Stored entries
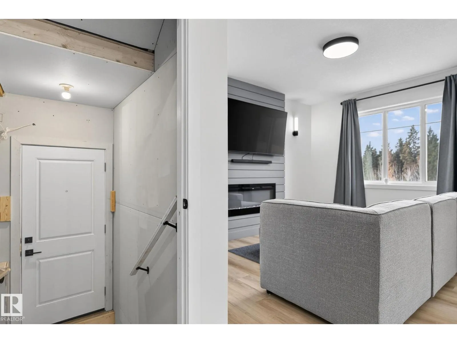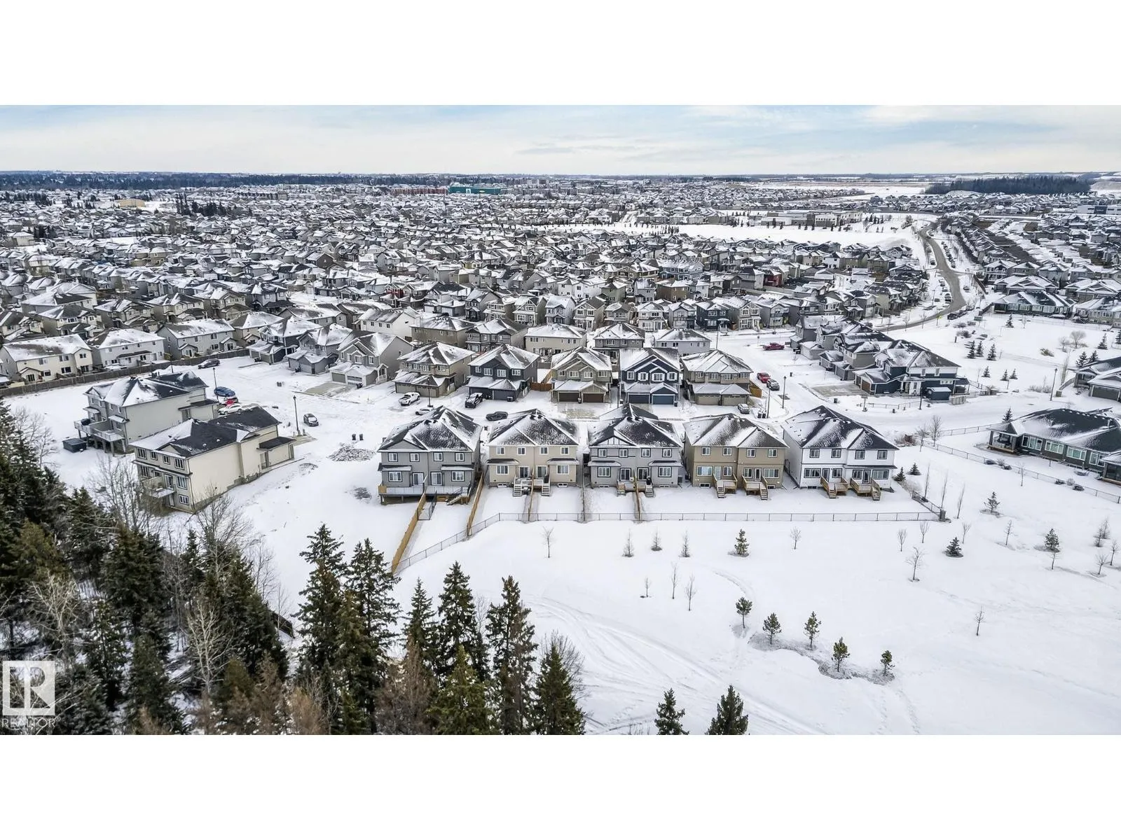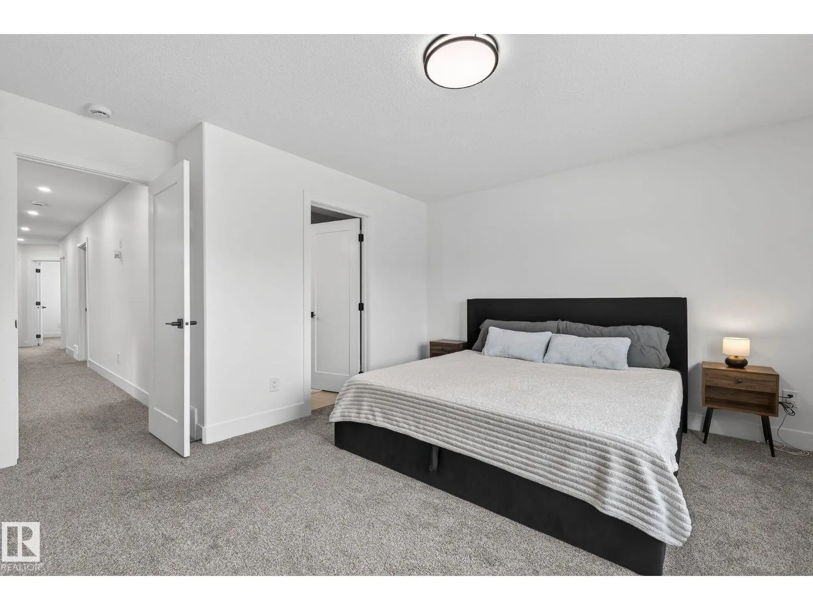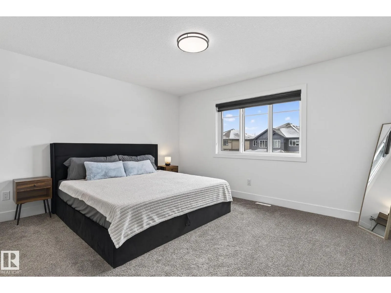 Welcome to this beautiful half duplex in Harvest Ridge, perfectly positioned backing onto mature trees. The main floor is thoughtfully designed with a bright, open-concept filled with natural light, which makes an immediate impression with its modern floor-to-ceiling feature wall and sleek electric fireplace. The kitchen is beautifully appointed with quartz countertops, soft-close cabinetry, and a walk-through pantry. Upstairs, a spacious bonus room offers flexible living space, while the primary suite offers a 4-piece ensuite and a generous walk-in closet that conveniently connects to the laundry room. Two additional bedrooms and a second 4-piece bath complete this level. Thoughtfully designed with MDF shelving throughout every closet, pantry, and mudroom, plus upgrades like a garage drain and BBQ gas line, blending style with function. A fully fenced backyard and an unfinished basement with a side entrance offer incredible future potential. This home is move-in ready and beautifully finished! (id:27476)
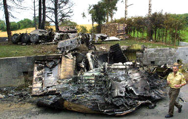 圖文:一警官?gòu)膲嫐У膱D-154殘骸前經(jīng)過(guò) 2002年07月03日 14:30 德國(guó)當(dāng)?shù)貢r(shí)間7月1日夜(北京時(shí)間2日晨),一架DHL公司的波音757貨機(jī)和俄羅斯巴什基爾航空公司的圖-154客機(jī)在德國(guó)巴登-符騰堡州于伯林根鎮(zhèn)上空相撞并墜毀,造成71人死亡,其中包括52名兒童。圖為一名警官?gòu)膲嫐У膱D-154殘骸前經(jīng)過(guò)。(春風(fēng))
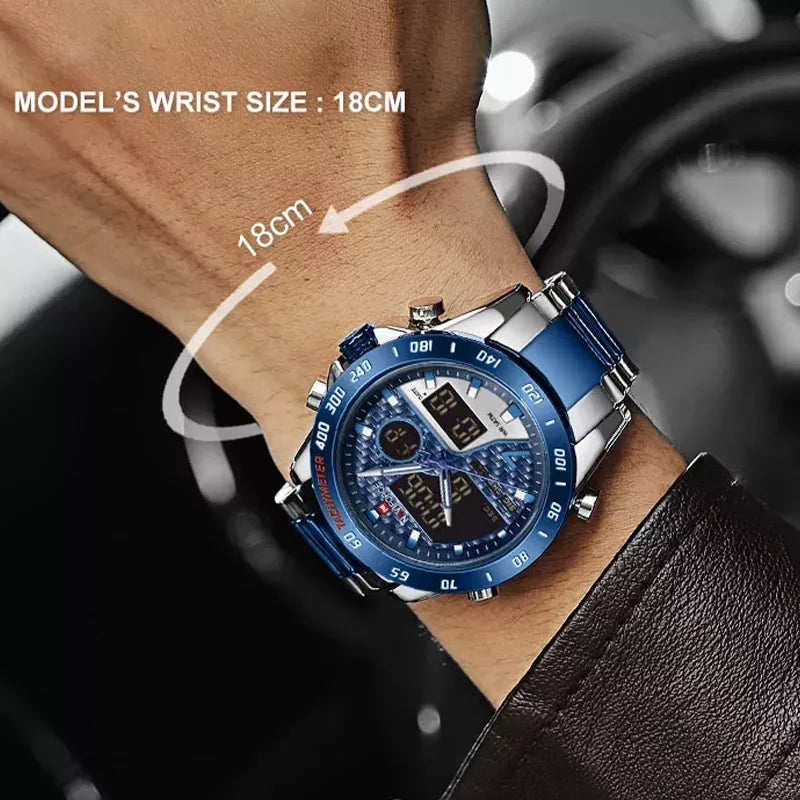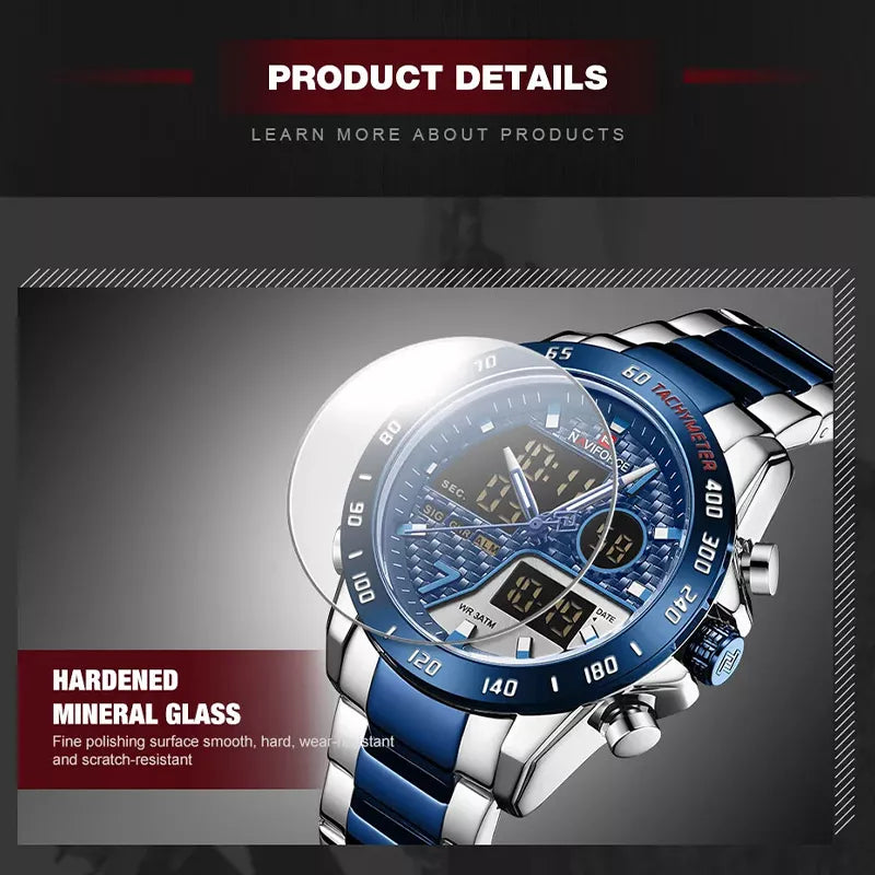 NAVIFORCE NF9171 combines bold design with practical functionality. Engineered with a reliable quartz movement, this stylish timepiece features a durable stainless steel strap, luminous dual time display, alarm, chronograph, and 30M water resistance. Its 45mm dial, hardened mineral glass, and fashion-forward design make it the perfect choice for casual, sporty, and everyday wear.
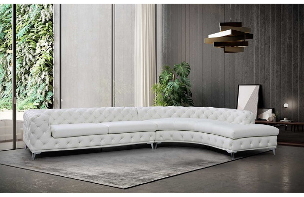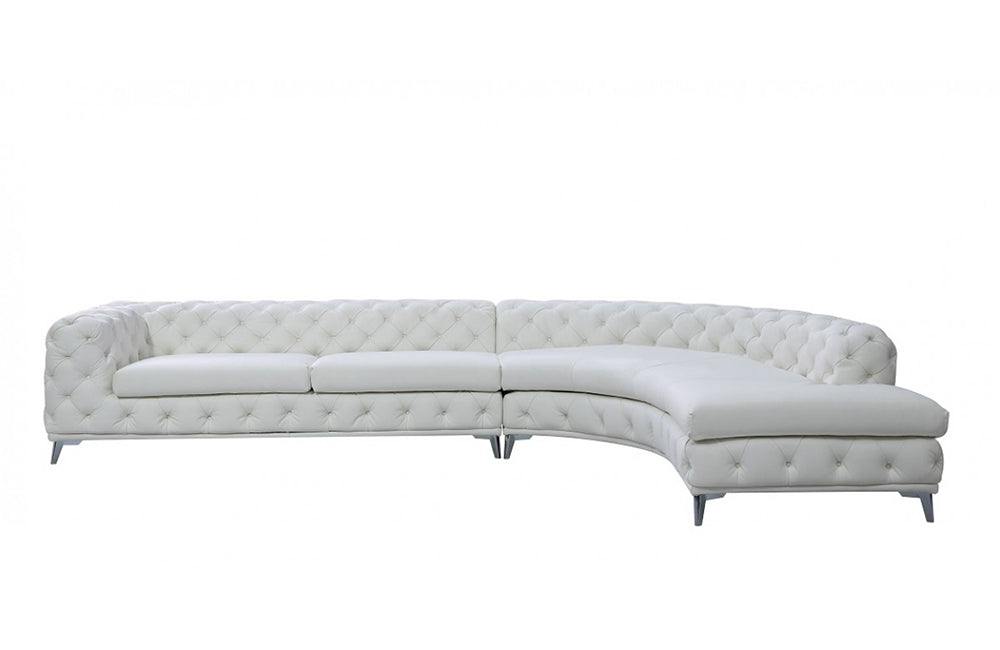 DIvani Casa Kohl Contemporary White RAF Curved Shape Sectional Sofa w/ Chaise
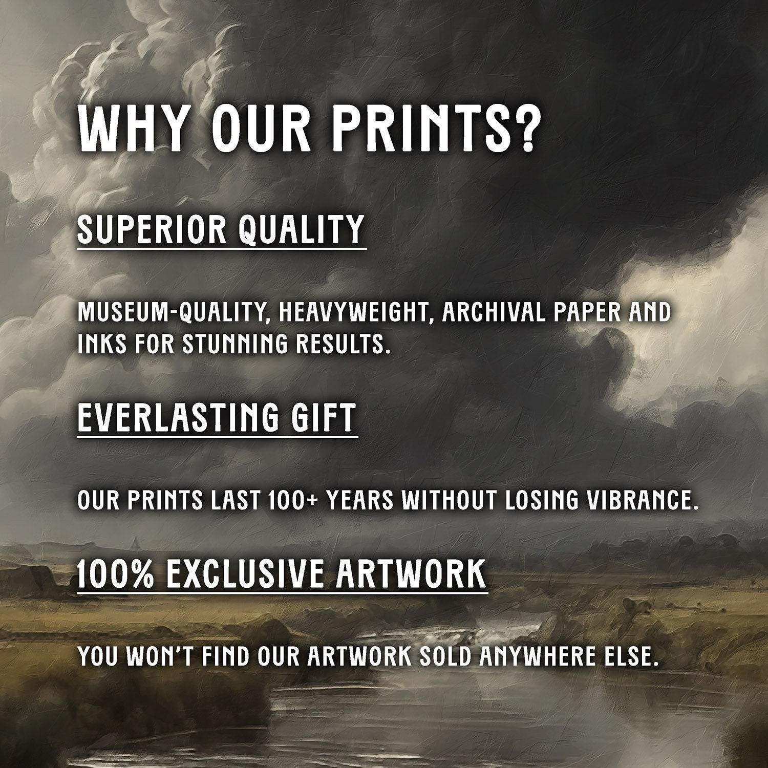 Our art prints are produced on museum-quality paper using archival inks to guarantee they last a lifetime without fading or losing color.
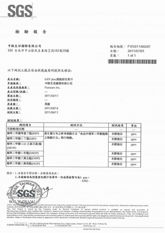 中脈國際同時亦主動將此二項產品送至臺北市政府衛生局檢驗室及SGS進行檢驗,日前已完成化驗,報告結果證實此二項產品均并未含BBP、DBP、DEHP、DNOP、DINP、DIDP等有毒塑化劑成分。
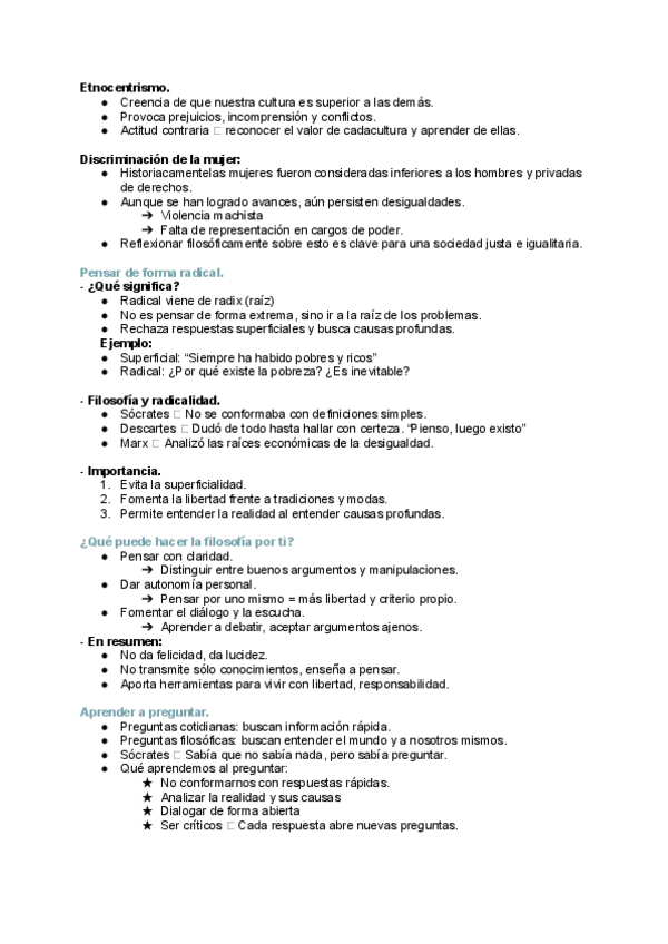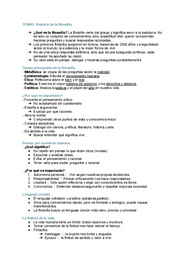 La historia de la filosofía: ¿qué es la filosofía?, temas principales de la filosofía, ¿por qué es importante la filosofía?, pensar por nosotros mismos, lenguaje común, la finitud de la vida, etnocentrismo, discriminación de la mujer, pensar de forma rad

Your task —
Please repeat every record exactly as it stands, leaving out any pictures.

Completed exercise —
 Welcome to this beautiful half duplex in Harvest Ridge, perfectly positioned backing onto mature trees. The main floor is thoughtfully designed with a bright, open-concept filled with natural light, which makes an immediate impression with its modern floor-to-ceiling feature wall and sleek electric fireplace. The kitchen is beautifully appointed with quartz countertops, soft-close cabinetry, and a walk-through pantry. Upstairs, a spacious bonus room offers flexible living space, while the primary suite offers a 4-piece ensuite and a generous walk-in closet that conveniently connects to the laundry room. Two additional bedrooms and a second 4-piece bath complete this level. Thoughtfully designed with MDF shelving throughout every closet, pantry, and mudroom, plus upgrades like a garage drain and BBQ gas line, blending style with function. A fully fenced backyard and an unfinished basement with a side entrance offer incredible future potential. This home is move-in ready and beautifully finished! (id:27476)
 圖文:一警官?gòu)膲嫐У膱D-154殘骸前經(jīng)過(guò) 2002年07月03日 14:30 德國(guó)當(dāng)?shù)貢r(shí)間7月1日夜(北京時(shí)間2日晨),一架DHL公司的波音757貨機(jī)和俄羅斯巴什基爾航空公司的圖-154客機(jī)在德國(guó)巴登-符騰堡州于伯林根鎮(zhèn)上空相撞并墜毀,造成71人死亡,其中包括52名兒童。圖為一名警官?gòu)膲嫐У膱D-154殘骸前經(jīng)過(guò)。(春風(fēng))
 NAVIFORCE NF9171 combines bold design with practical functionality. Engineered with a reliable quartz movement, this stylish timepiece features a durable stainless steel strap, luminous dual time display, alarm, chronograph, and 30M water resistance. Its 45mm dial, hardened mineral glass, and fashion-forward design make it the perfect choice for casual, sporty, and everyday wear.
 DIvani Casa Kohl Contemporary White RAF Curved Shape Sectional Sofa w/ Chaise
 Our art prints are produced on museum-quality paper using archival inks to guarantee they last a lifetime without fading or losing color.
 中脈國際同時亦主動將此二項產品送至臺北市政府衛生局檢驗室及SGS進行檢驗,日前已完成化驗,報告結果證實此二項產品均并未含BBP、DBP、DEHP、DNOP、DINP、DIDP等有毒塑化劑成分。
 La historia de la filosofía: ¿qué es la filosofía?, temas principales de la filosofía, ¿por qué es importante la filosofía?, pensar por nosotros mismos, lenguaje común, la finitud de la vida, etnocentrismo, discriminación de la mujer, pensar de forma rad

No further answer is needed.